Researchers at Datadog Security Research have uncovered a major supply-chain compromise in the npm ecosystem involving 17 malicious packages (across 23 releases) that secretly installed Vidar infostealer malware on Windows systems. The campaign, attributed to a threat activity cluster tracked as MUT-4831, marks the first known instance of Vidar being distributed via npm packages.
The threat actors behind MUT-4831 employed classic social engineering tactics, creating packages that appeared functional and legitimate. These malicious libraries were published by two recently created npm accounts, aartje and saliii229911, and remained active on the registry for approximately two weeks.
The packages deceptively posed as:
- Telegram bot helper packages.
- Icon libraries.
- Forks of established projects like Cursor and React.
One representative package, custom-tg-bot-plan, presented itself as a “Node.js Telegram Bot API – Custom Fork”. At the time of detection, the packages had been downloaded at least 2,240 times.
The malicious packages leveraged an exceedingly common vector: the postinstall script. Datadog’s static analyzer, GuardDog, flagged the presence of npm-install-script, indicating that a script was automatically running upon installation.
The attack chain, typical of a two-stage malware deployment, is executed by the dependencies.js script:
- Download: The script downloads an encrypted ZIP archive from a hardcoded URL on the bullethost[.]cloud domain.

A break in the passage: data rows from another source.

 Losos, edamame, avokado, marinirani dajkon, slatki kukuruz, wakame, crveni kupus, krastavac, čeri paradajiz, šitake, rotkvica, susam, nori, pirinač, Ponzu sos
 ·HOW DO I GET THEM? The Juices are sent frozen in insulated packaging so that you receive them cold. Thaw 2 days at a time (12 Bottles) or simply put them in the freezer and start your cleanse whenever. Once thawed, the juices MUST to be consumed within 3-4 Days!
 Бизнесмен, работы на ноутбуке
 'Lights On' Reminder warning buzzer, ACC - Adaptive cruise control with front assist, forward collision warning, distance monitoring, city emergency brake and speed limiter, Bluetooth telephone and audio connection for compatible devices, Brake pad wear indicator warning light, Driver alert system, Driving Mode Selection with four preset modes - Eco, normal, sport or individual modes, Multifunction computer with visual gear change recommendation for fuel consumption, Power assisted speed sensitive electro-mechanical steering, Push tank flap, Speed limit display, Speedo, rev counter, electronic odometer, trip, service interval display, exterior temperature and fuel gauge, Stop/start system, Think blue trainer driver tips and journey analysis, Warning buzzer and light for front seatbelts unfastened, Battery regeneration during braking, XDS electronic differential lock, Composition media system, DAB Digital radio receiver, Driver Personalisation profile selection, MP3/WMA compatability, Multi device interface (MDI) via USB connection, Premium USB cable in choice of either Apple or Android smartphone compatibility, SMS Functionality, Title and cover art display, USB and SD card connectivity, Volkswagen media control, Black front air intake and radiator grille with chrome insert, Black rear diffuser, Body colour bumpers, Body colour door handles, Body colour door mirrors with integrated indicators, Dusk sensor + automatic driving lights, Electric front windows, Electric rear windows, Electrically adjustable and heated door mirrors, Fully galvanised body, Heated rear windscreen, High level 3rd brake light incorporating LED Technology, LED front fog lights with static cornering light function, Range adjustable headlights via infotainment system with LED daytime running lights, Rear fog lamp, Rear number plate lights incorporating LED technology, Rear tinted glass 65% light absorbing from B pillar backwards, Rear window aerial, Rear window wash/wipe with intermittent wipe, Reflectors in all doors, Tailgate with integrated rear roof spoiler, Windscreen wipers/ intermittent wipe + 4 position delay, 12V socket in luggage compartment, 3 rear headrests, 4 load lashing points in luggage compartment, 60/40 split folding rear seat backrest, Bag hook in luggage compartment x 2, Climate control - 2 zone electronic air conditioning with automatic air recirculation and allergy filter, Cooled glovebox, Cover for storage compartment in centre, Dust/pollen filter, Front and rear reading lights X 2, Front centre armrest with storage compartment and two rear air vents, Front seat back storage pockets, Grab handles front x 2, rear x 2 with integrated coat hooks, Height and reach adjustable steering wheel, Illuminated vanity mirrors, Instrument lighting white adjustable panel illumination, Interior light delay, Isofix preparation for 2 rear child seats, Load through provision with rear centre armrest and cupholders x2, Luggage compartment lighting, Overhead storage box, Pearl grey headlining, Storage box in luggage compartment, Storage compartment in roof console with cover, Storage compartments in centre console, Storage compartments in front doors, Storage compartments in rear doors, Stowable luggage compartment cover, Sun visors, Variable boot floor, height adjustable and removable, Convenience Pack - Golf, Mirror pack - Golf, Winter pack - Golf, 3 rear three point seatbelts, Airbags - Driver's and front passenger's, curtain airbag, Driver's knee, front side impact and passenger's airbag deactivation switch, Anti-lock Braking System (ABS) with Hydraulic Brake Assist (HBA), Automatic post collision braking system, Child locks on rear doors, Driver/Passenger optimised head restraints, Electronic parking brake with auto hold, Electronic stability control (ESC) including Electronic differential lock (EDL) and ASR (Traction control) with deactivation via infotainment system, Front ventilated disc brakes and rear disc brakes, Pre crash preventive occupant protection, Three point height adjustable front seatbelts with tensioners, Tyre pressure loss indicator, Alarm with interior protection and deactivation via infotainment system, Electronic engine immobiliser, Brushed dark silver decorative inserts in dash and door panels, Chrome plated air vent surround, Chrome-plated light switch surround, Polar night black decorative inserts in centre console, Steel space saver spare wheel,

- Unpack: It then decrypts and extracts the archive using a hardcoded password.
- Execute: Finally, it executes a PE binary named bridle.exe from the extracted archive.
“This downloader pattern is one we observe routinely among malicious npm packages, in which a slim first-stage malware that ships with the package loads a second, more overtly malicious stage.”
In a variation, a small number of packages used an embedded PowerShell script in the package.json to handle the download step, possibly “diversifying implementations… in terms of surviving detection.”
The second stage, the executable bridle.exe, was identified as a known variant of the Vidar infostealer malware. Vidar is designed to harvest a wide array of sensitive information from Windows systems:
- Browser credentials and cookies.
- Cryptocurrency wallets.
- System files.
This particular Vidar v2 variant, compiled from Go, uses an unusual technique for Command-and-Control (C2) infrastructure discovery. It calls home to hardcoded Telegram and Steam profiles, where the C2 domains are rotated and advertised in the accounts’ usernames and descriptions.
Upon successful data theft, Vidar packages the stolen information and exfiltrates it before deleting all traces of itself from the victim system.
This campaign is a potent reminder that “Threat actors have learned that npm provides a reliable initial access vector for delivering malware to unsuspecting downstream victims.”
The npm accounts associated with the campaign (aartje and saliii229911) have since been banned, and all malicious packages have been removed and replaced with security holding packages.